Data shown:
☆ ☆ ☆

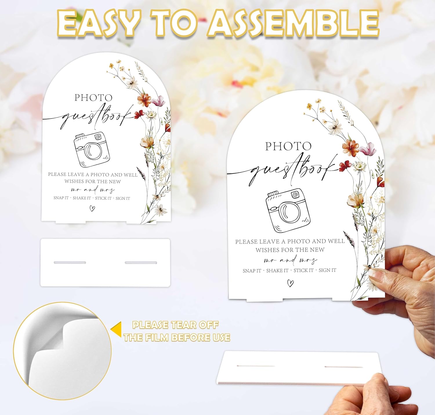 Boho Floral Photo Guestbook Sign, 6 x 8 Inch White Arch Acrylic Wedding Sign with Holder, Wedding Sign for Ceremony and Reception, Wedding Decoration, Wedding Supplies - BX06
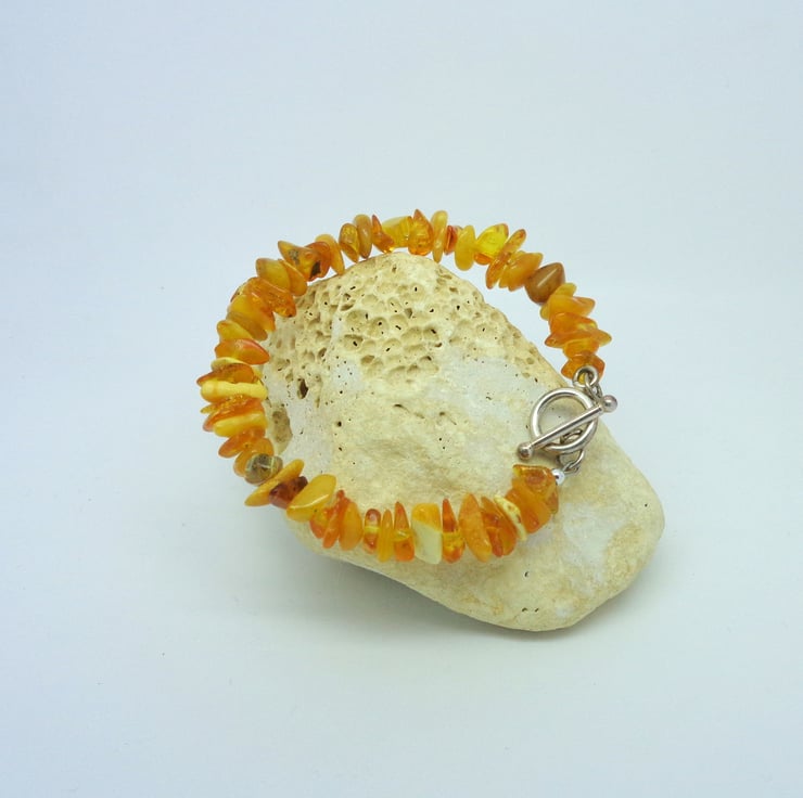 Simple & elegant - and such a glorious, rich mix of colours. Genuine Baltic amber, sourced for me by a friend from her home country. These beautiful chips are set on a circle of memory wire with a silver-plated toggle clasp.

☆ ☆ ☆

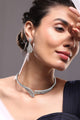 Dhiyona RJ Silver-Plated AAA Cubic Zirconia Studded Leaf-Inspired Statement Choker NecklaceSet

☆ ☆ ☆

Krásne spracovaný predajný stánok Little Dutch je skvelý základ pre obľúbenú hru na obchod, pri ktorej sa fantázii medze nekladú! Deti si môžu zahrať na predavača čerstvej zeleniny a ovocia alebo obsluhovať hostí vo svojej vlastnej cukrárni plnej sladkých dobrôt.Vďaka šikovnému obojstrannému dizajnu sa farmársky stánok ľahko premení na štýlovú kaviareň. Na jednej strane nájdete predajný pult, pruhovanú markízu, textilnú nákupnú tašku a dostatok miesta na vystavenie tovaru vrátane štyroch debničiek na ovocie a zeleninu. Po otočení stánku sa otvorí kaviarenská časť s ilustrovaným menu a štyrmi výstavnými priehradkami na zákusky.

☆ ☆ ☆

Exercise: Print exactly, with no pictures, the lines above from the one that holds "Boho Floral Photo" through the one that holds "Simple & elegant", both of them included.

Result of this task:
 Boho Floral Photo Guestbook Sign, 6 x 8 Inch White Arch Acrylic Wedding Sign with Holder, Wedding Sign for Ceremony and Reception, Wedding Decoration, Wedding Supplies - BX06
 Simple & elegant - and such a glorious, rich mix of colours. Genuine Baltic amber, sourced for me by a friend from her home country. These beautiful chips are set on a circle of memory wire with a silver-plated toggle clasp.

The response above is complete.